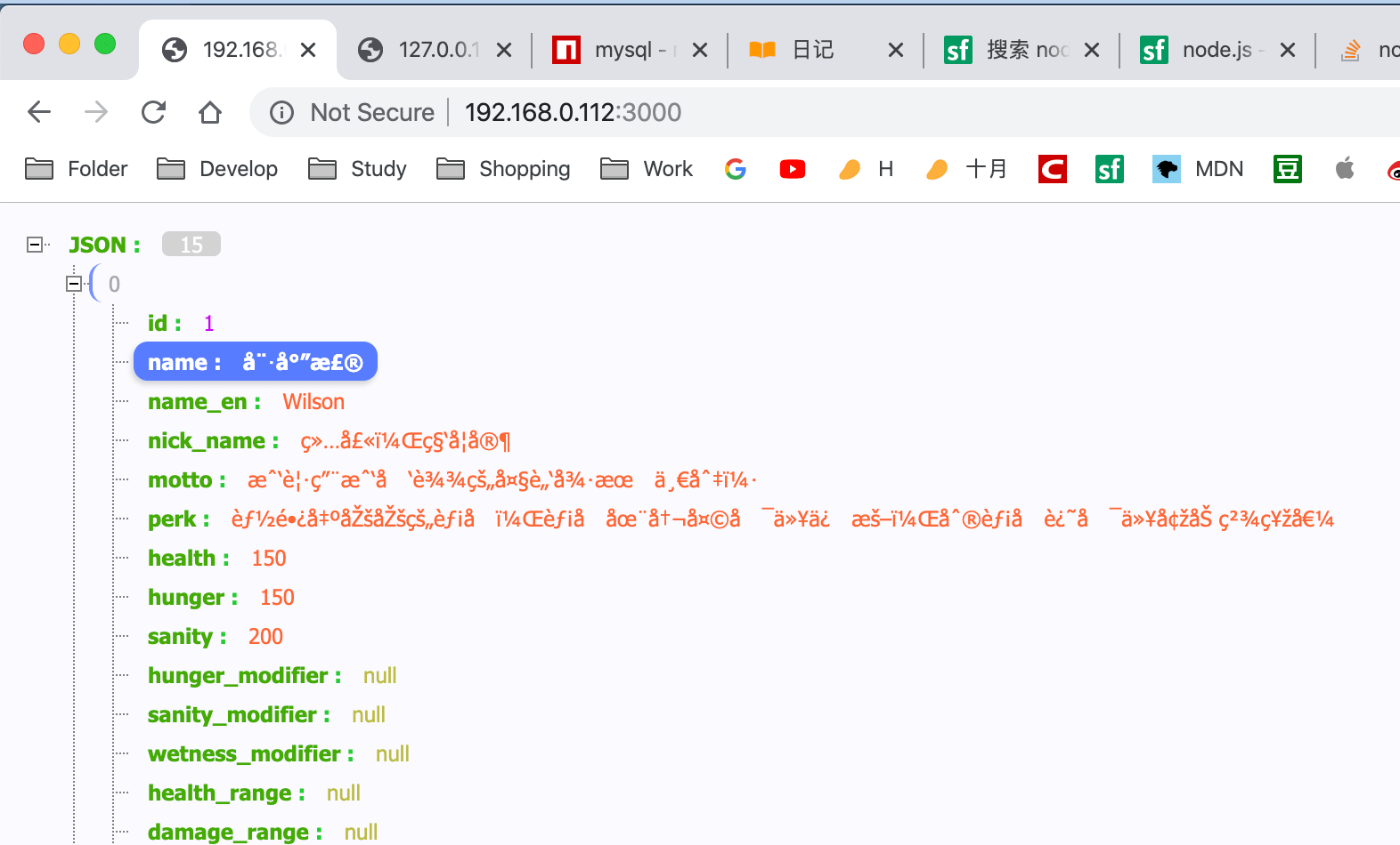 在学习使用 nodejs 写 web 服务的时候,在用 mysql 获取数据库信息的时候,返回的中文一直是乱码,无论配置 charset 与否,都是乱码。
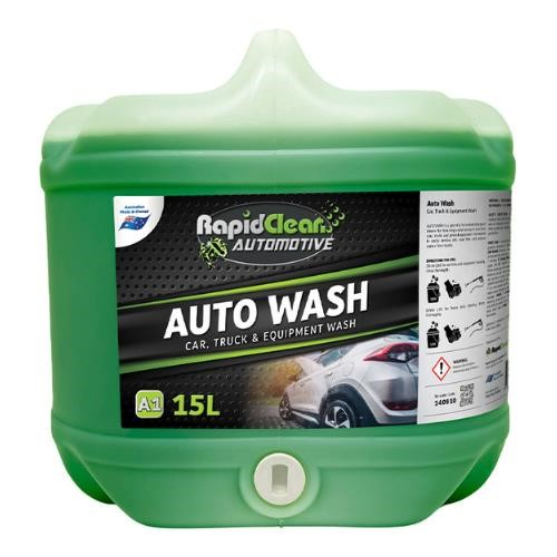 RapidClean Auto Wash is a concentrated detergent formulated for cleaning cars, trucks and general equipment — designed to remove dirt, road film, exhaust carbon, grease, oil, mud and grime from vehicle exteriors and heavy-duty equipment surfaces.
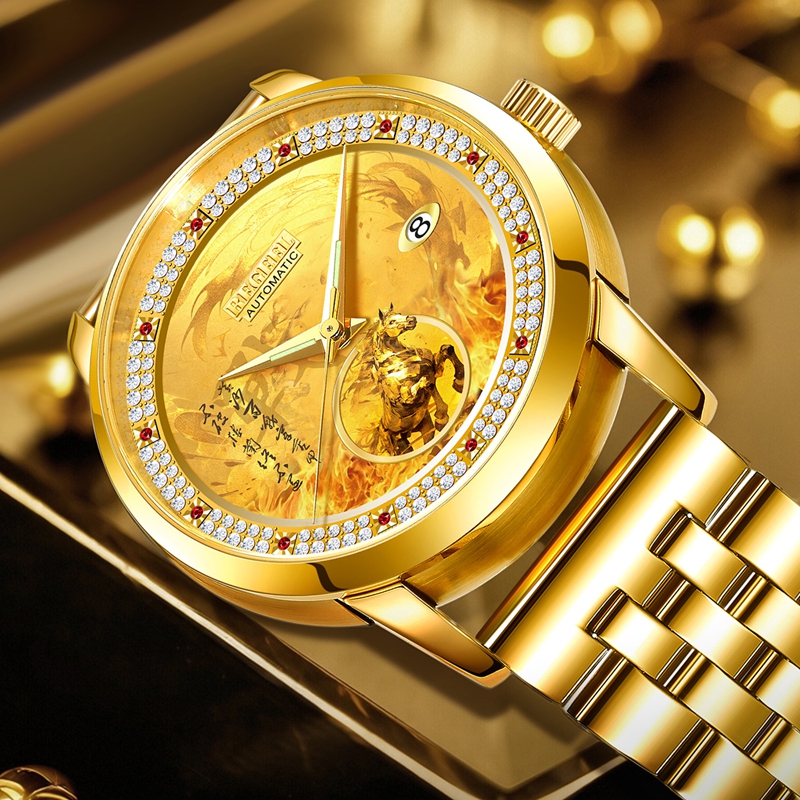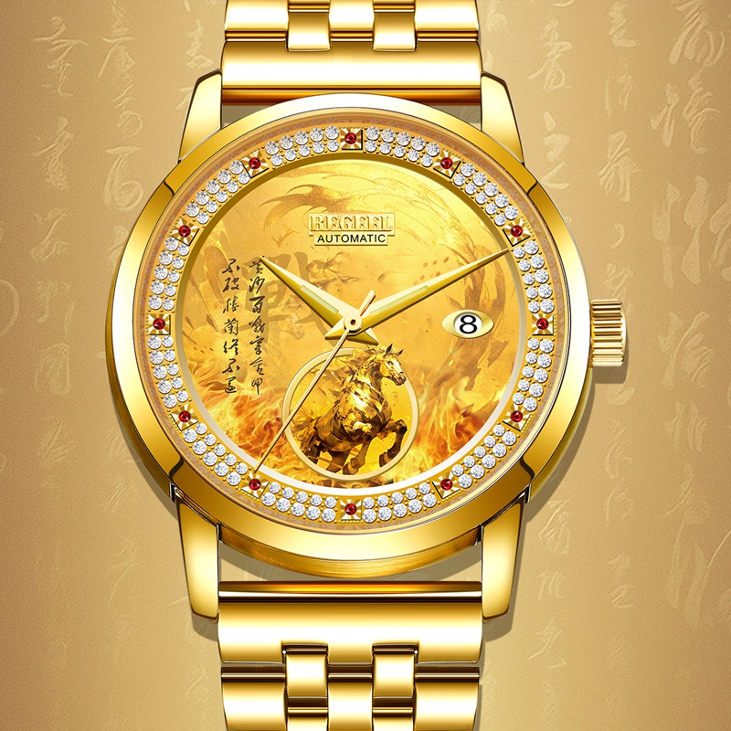 字(zi)面(mian):1顆真紅寶石(12時)其他刻度11顆紅晶鉆,鑲(xiang)約120顆晶鉆,浮雕戰馬,火焰(yan)紋理,夜光針
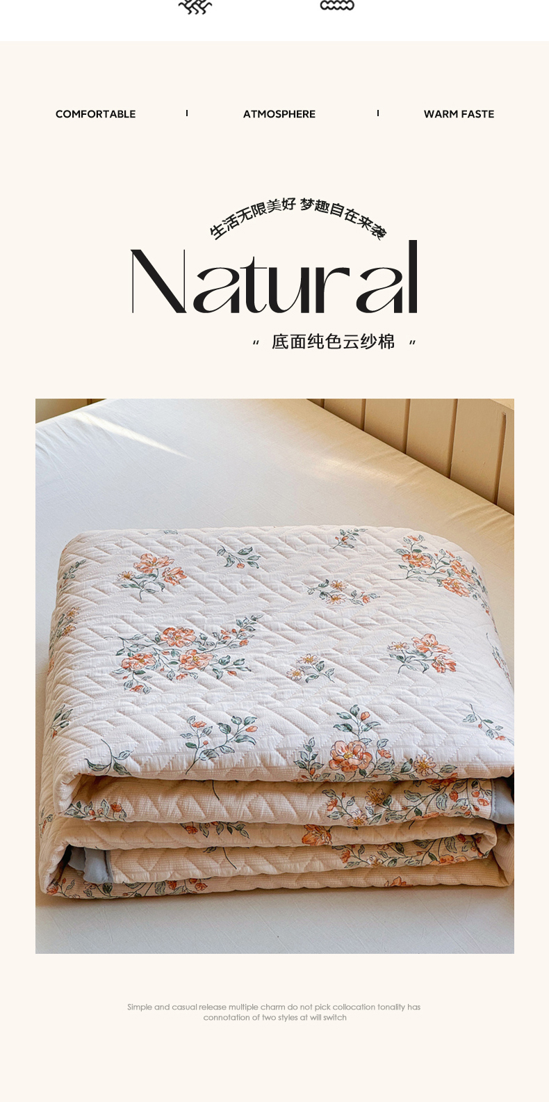 (总)芯元素 2025新款木棉绉绉纱双面可用床盖,紫恋,花季,梦境-灰,梦境-紫,山野栀子,小城故事

### TASK BRIEF
Please reproduce nothing but the lines from the one containing "字(zi)面(mian):1" through the closing line of the listing, retyped word for word, pictures excluded.

### TASK RESULT
 字(zi)面(mian):1顆真紅寶石(12時)其他刻度11顆紅晶鉆,鑲(xiang)約120顆晶鉆,浮雕戰馬,火焰(yan)紋理,夜光針
 (总)芯元素 2025新款木棉绉绉纱双面可用床盖,紫恋,花季,梦境-灰,梦境-紫,山野栀子,小城故事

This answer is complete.